The (proposed) results include:
- More private spending for consumption and investment
- Consumers invest surplus money in expanding companies
- Full employment: Work for everyone who can work
- Rate of economic growth can be set by the society
- Interest rates drop to almost zero percent in the long run
- Freiland prevents high real estate prices
- Tremendous social disparities will cease
- Less working hours per week for everyone in the long run
Freiwirtschaft does not aim to replace a social state or ecological politics, but would facilitate these.
There seems to be an attempt to realize Freiwirtschaft in a small area in Canada, based on artificial money called Gogo that loses its value after one year.
Flaws of the money system
Freiwirtschaft claims that current monetary systems are flawed. According to Adam Smith, prices convey information. For example, dropping prices mean that there is less demand or more offer. This leads to a buyer buying more, or a seller starting to produce something else. As a reaction, the price rises again. So, the price, together with the market participants, builds up a feedback loop around a stable, "ideal" price. At this stable price, the market is ideal, no one pays too much or earns too little, and there are no tendencies from either party to change that price. The "wobbling" around that ideal price is called self-stablizing.
This is not the case on the finance market. Without the continuous increase of the amount of money in circulation by the central bank, the demand would continuously drop, since the circulation speed decreases. Dropping demand forces companies to lower their prices to make some money at all. When prices start dropping, potential customers wait with their buy as long as possible to get the lowest price, resulting in the demand decreasing even more. The feedback loop spirals down to a point where the company does not make any money at all. That, eventually, results in layoffs and even the bankruptcy of the company. Workers in other companies tend to be even more cautious in spending money, ultimately resulting in the breakdown of the economy.
The key error of the system is the ill-transported information in the price. Money is nothing but claim for goods and services from the economy that accepts the money. In a weak economy, money is worth less in goods. But instead of an inflation, the result is a deflation as described above, and less money can now buy the same goods. The market players do not realize that they are destroying the very economy that should ensure the value of the money. This feedback loop is self-destabilizing. According to Freiwirtschaft theory, this is the reason for the cycle of crisis in world economy.
As the whole doctrine is based on Irving Fisher's quantity equation, theoretical discussion is linked with macroeconomic theory. Critics state that circulation speed does not decrease but remains stable. However, numbers show a decreasing circulation speed for the USA and Japan after 2001.
Critics following Karl Marx argue that measures of Freiwirtschaft just hit capitalist financial companies whereas capitalist manufacturing companies benefit from cheap credits and increase their profit. This bias is intended.

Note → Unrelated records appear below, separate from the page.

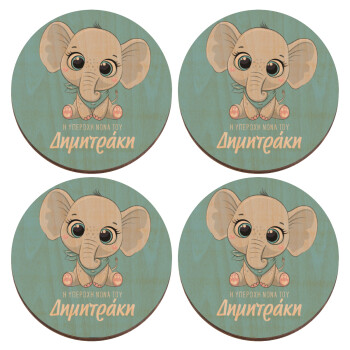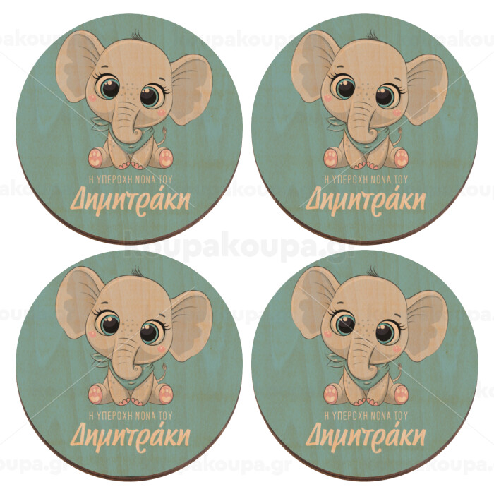 Η νονά μου, ελεφαντάκι γαλάζιο, ΣΕΤ x4 Σουβέρ ξύλινα στρογγυλά plywood (9cm)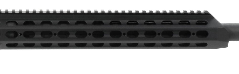 This modular Barrett MRAD .260 Remington Rifle System features a black folding stock with adjustable cheekpiece, 24" fluted barrel, ambidextrous magazine release, single button length of pull adjustment, trigger module removable without tools, front-loading barrel design for caliber changes.
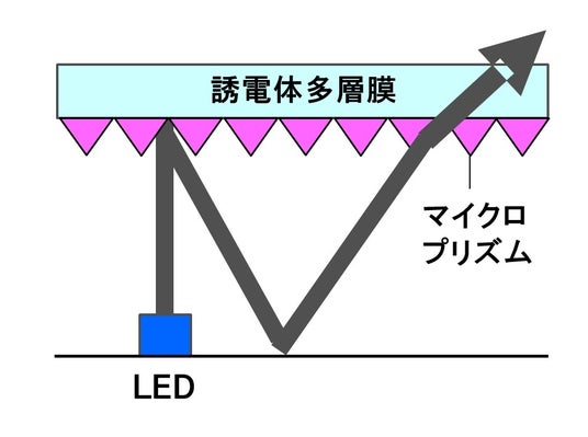 - マイクロプリズムは、LEDの光の方向を制御し、左右に光を拡散させます。光の拡散によって明るさを均一化することで、ドットの映り込みが低減し、光の利用効率も高まります。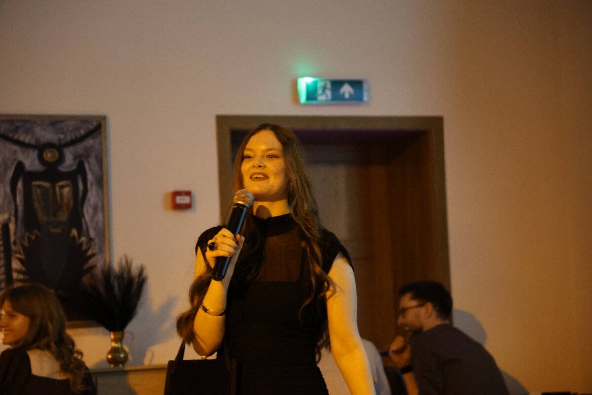 Jaukią ir elegantišką kazino atmosferą kūrė Ilma Juknevičiūtė, kurios pianino melodijos lydėjo šventės akimirkas, suteikdamos vakarui subtilumo ir šilumos. Muzika tapo tarsi fonu prisiminimams apie kartu praleistus metus bei artėjančius pokyčius. Ypatinga vakaro dalimi tapo ir abituriento Eriko Atstupėno sukurta bei perkurta daina apie abiturientus – skambėję žodžiai ir melodija jautriai atspindėjo dvyliktokų patirtis, draugystes ir artėjančio atsisveikinimo nuotaiką.

The most common arguments against Freiwirtschaft are:
- the periodical exchange of money causes administration costs
- Central bank must set the optimal money exchange charge which is as difficult to find as the optimal interest rate
- can only boost economic growth, but cannot resolve tradeoff between economic growth and inflation
- The system appears to require a sudden extreme change to completely implement, since bad money drives out good, and thus any transitional system operating two forms of currency would be unstable since one form would inevitably be preferred to the other.